O terceiro produto da 3Agro é o Navegador de Sustentabilidade, no qual o alvo são empresas. O sistema mapeou 150 legislações voltadas ao tema no mundo, de forma a prestar consultoria a corporações sobre como se adaptar às normativas e compensar a pegada ambiental com efetividade e transparência. “A construção de confiança sobre os impactos dos investimentos é um dos principais ativos em jogo”, enfatiza Taynaah, que se prepara para fazer eco do novo modelo mundo afora. “Muitas pessoas estão completamente desconectadas da natureza e não sabem que suas decisões impactam o meio ambiente”.
“Pelas minhas origens”, completa a empreendedora, “resgatar sabedorias ancestrais é uma missão, um desafio que requer solução tecnológica complexa, capital e assistência técnica para evoluir e sensibilizar as pessoas. Não basta plantar árvores, mas semear corações, melhorar condições de vida e segurança alimentar para que as pessoas que protegem a floresta permaneçam de pé junto com ela”.

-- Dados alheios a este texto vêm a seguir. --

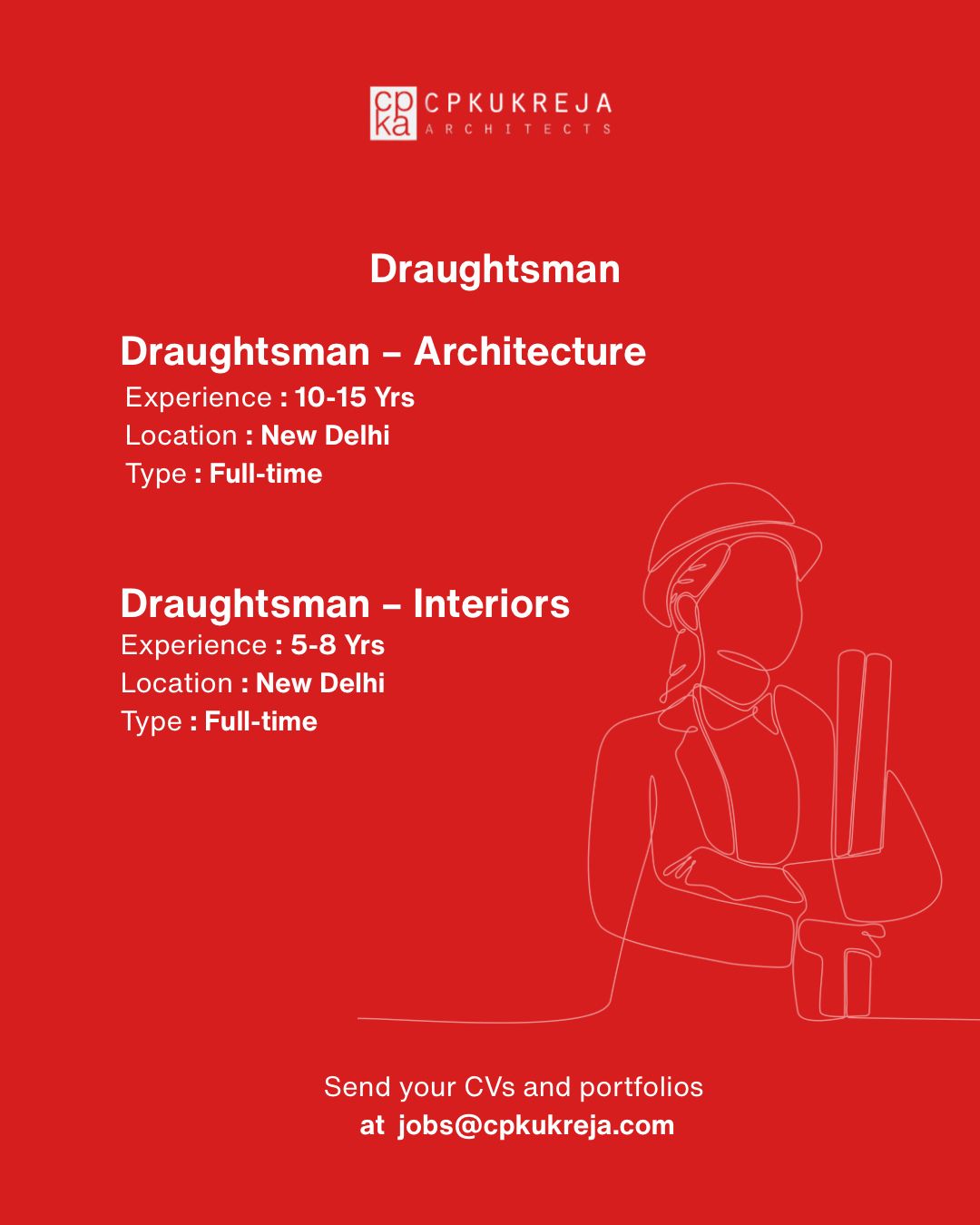 Vacancy for Multiple Positions (Architect, Draughtsman, etc.) at CP Kukreja Architects | Posting Location: Delhi, Kerala & MP (Exp.: 03-15 Years)

Ao integrar o programa Sinergia Investimentos, da Jornada Amazônia, a 3Agro conectou-se a potenciais investidores que têm propósitos de impacto positivo e iniciou trocas com outras startups para possíveis parcerias no futuro. A empreendedora é taxativa: “Não queremos reinventar a roda; o trabalho em rede é chave porque não conseguiremos fazer tudo isso sozinhos”.